__PROMPT__
Repeat the data word for word, excluding every picture.

__SOURCE MATERIAL__
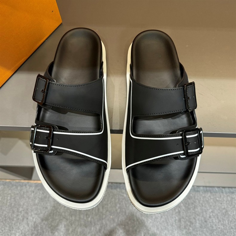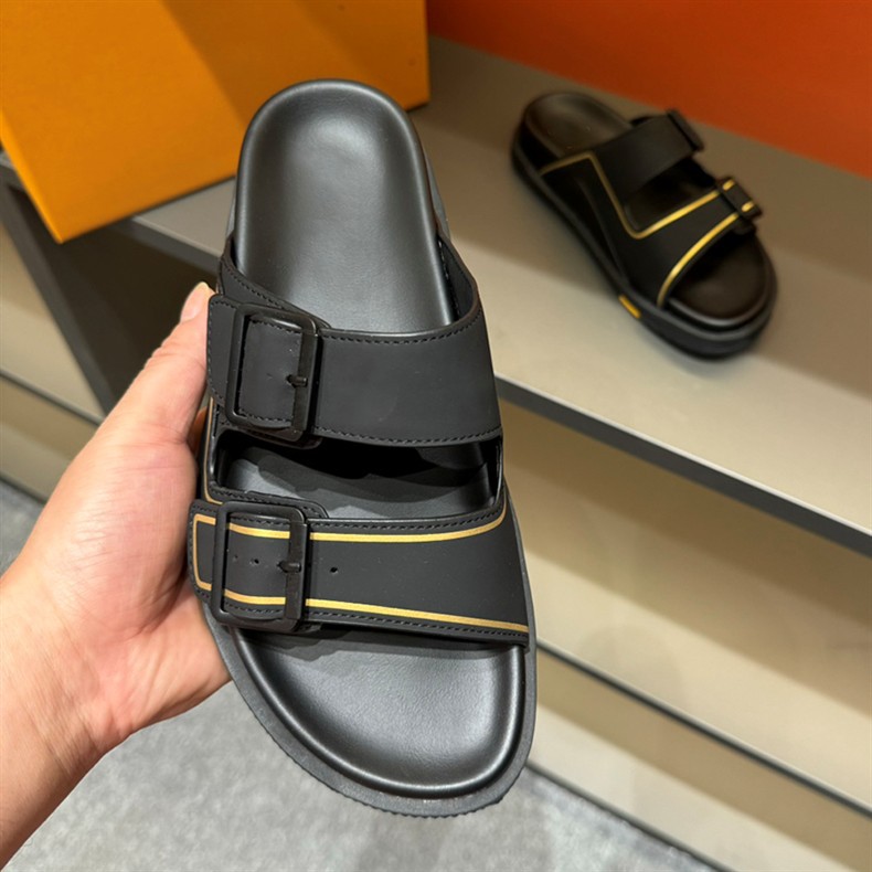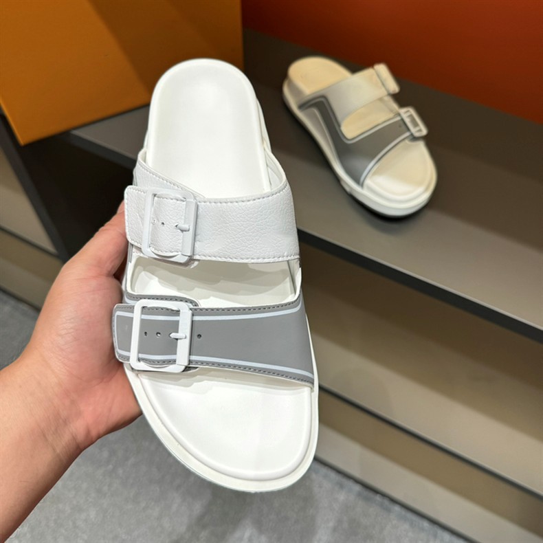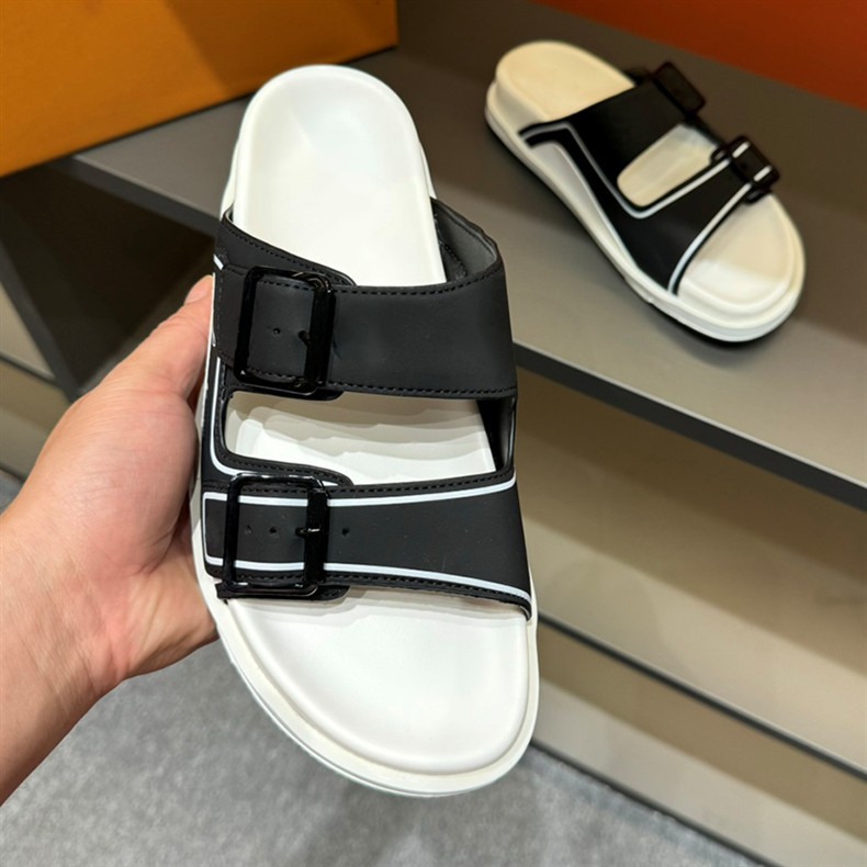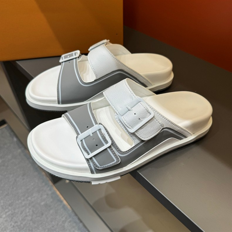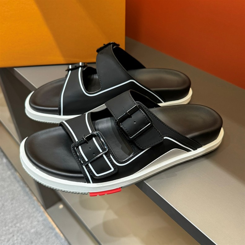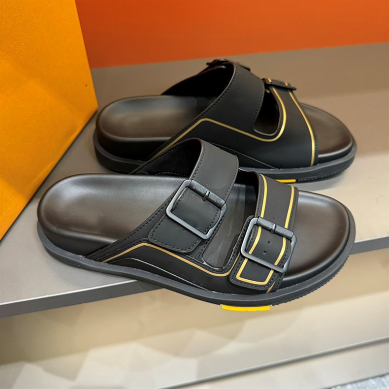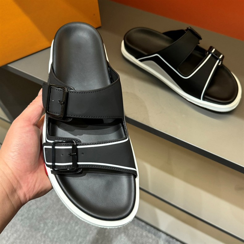 남성용 패셔너블 슬리퍼, 부드러운 밑창, 편안한 아우터, 천연가죽 비치슈즈, 유럽 스탠드 라이트 럭셔리 트렌디 브랜드 더블 스트랩 캐주얼 패션 슈즈
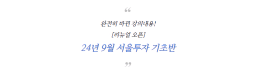 (예정) “서울투자 기초반” 정규강의 안내 〈8.27(화) 오전 11시 선착순〉
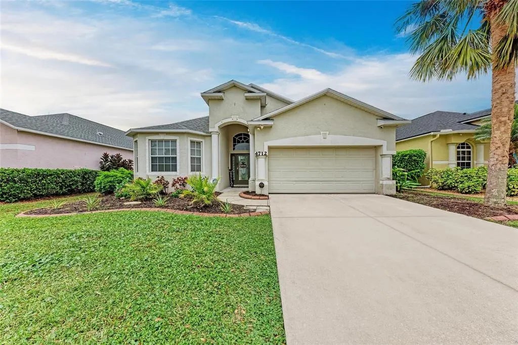 Price reduced! This bright and beautiful home offers a welcoming entry with water views from the foyer through the living room and out to the back patio. It features new flooring, fresh paint, and a spacious kitchen with two pantries, an eat-in dining area, and a breakfast bar. The split-plan layout ensures privacy in the primary retreat, while two guest bedrooms share a bathroom with an ADA-compliant walk-in jacuzzi tub/shower. The fourth guest bedroom, located at the front, has a bay window for natural light and is next to the third full bathroom. There is also a formal dining room that can be used as an office or converted into a fifth bedroom. Upgrades include a new roof (2021), new washer/dryer (2023), kitchen reverse osmosis system, water softener, and a brand-new water heater (2025). The HVAC was replaced in 2018 and serviced in 2023. The home is located in a community with a pool and amenities, with no CDD fees and no flood zone. Storm shutters are included with the home.
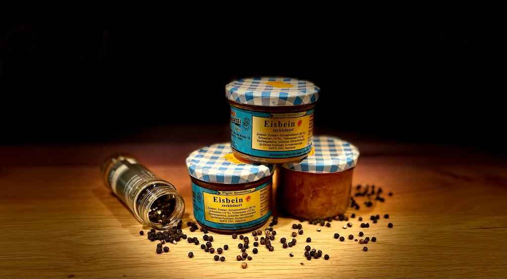 Das Eisbein im Glas der Metzgerei Bechtel bringt den herzhaften Geschmack traditioneller nordhessischer Küche direkt auf Ihren Tisch. Zartes, sorgfältig gegartes Schweinefleisch, mit feinen Gewürzen veredelt und schonend im Glas eingekocht, macht diese Spezialität zu einem unvergleichlichen Genuss für alle, die echte Hausmacher Wurst und deftige Gerichte schätzen.

__TASK RESPONSE__
 남성용 패셔너블 슬리퍼, 부드러운 밑창, 편안한 아우터, 천연가죽 비치슈즈, 유럽 스탠드 라이트 럭셔리 트렌디 브랜드 더블 스트랩 캐주얼 패션 슈즈
 (예정) “서울투자 기초반” 정규강의 안내 〈8.27(화) 오전 11시 선착순〉
 Price reduced! This bright and beautiful home offers a welcoming entry with water views from the foyer through the living room and out to the back patio. It features new flooring, fresh paint, and a spacious kitchen with two pantries, an eat-in dining area, and a breakfast bar. The split-plan layout ensures privacy in the primary retreat, while two guest bedrooms share a bathroom with an ADA-compliant walk-in jacuzzi tub/shower. The fourth guest bedroom, located at the front, has a bay window for natural light and is next to the third full bathroom. There is also a formal dining room that can be used as an office or converted into a fifth bedroom. Upgrades include a new roof (2021), new washer/dryer (2023), kitchen reverse osmosis system, water softener, and a brand-new water heater (2025). The HVAC was replaced in 2018 and serviced in 2023. The home is located in a community with a pool and amenities, with no CDD fees and no flood zone. Storm shutters are included with the home.
 Das Eisbein im Glas der Metzgerei Bechtel bringt den herzhaften Geschmack traditioneller nordhessischer Küche direkt auf Ihren Tisch. Zartes, sorgfältig gegartes Schweinefleisch, mit feinen Gewürzen veredelt und schonend im Glas eingekocht, macht diese Spezialität zu einem unvergleichlichen Genuss für alle, die echte Hausmacher Wurst und deftige Gerichte schätzen.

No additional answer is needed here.